Consider the case when the matrix $A$ is invertible.

Even if $A$ is not invertible, note that $A-\epsilon I$ is invertible matrix for sufficiently small $\epsilon$.
(See Problem Perturbation of a singular matrix is nonsingular for a proof of this fact.)

Take the limit $\epsilon \to 0$.

Proof.

We want to show that $|AB-\lambda I|=|BA-\lambda I|$, where $\lambda$ is an unknown and $I$ is the $n \times n$ identity matrix.

First let us consider the case when the matrix $A$ is invertible.
So suppose that $A$ is invertible.
Then we have
\begin{align*}
|AB-\lambda I| &=|A^{-1}(AB-\lambda I)A| =|BA-\lambda I|.
\end{align*}
Here we use the fact that $|A||A^{-1}|=|AA^{-1}|=|I|=1$.
Thus when $A$ is invertible, the claim is proved.

Now we consider the general case.
Whether or not $A$ is invertible, the matrix $A-\epsilon I$ is invertible for sufficiently small $\epsilon$.

(More precisely, if $\epsilon$ is smaller than absolute values of all nonzero eigenvalues of $A$. then $A-\epsilon I$ is invertible. See Problem Perturbation of a singular matrix is nonsingular for a proof.)
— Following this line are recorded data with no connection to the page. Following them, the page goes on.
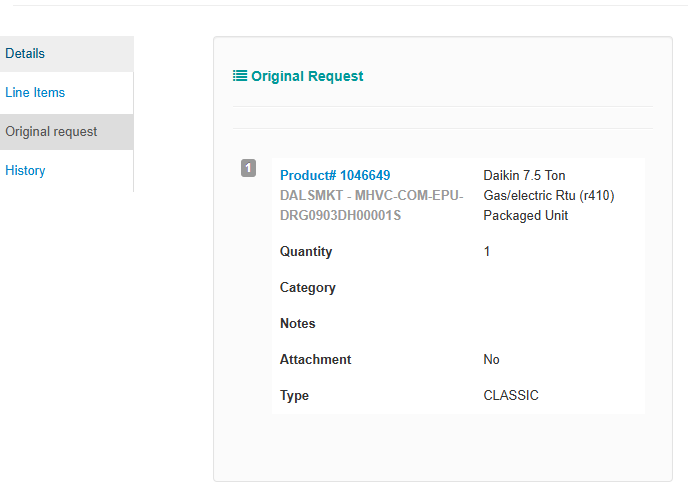 - Access the "Original Request" tab on the BDR to confirm the product information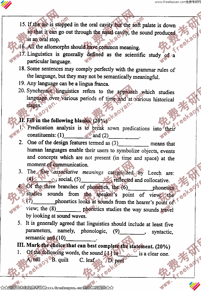 大连外国语大学2003年半岛在线注册真题-英语语言学(2)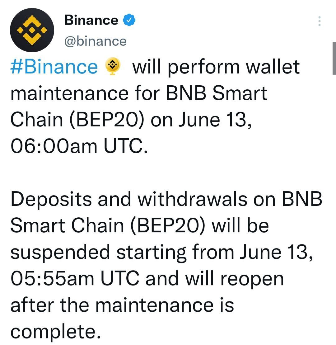 💎 Binance объявила, что проведёт техническое обслуживание кошелька для BNB Smart Chain (BEP20) 13 июня в 09:00 Мск.

Then by the previous case, we have
\[ |(A-\epsilon I) B-\lambda I|=|B(A-\epsilon I)-\lambda I|.\]
Taking the limit $\epsilon \to 0$, we obtain
\[|AB-\lambda I|=|BA-\lambda I|.\]

Comment.

When you study hard linear algebra, you might have forgotten about calculus.
This problem suggests that for some problems in linear algebra, techniques from calculus (like limits) might help to solve them.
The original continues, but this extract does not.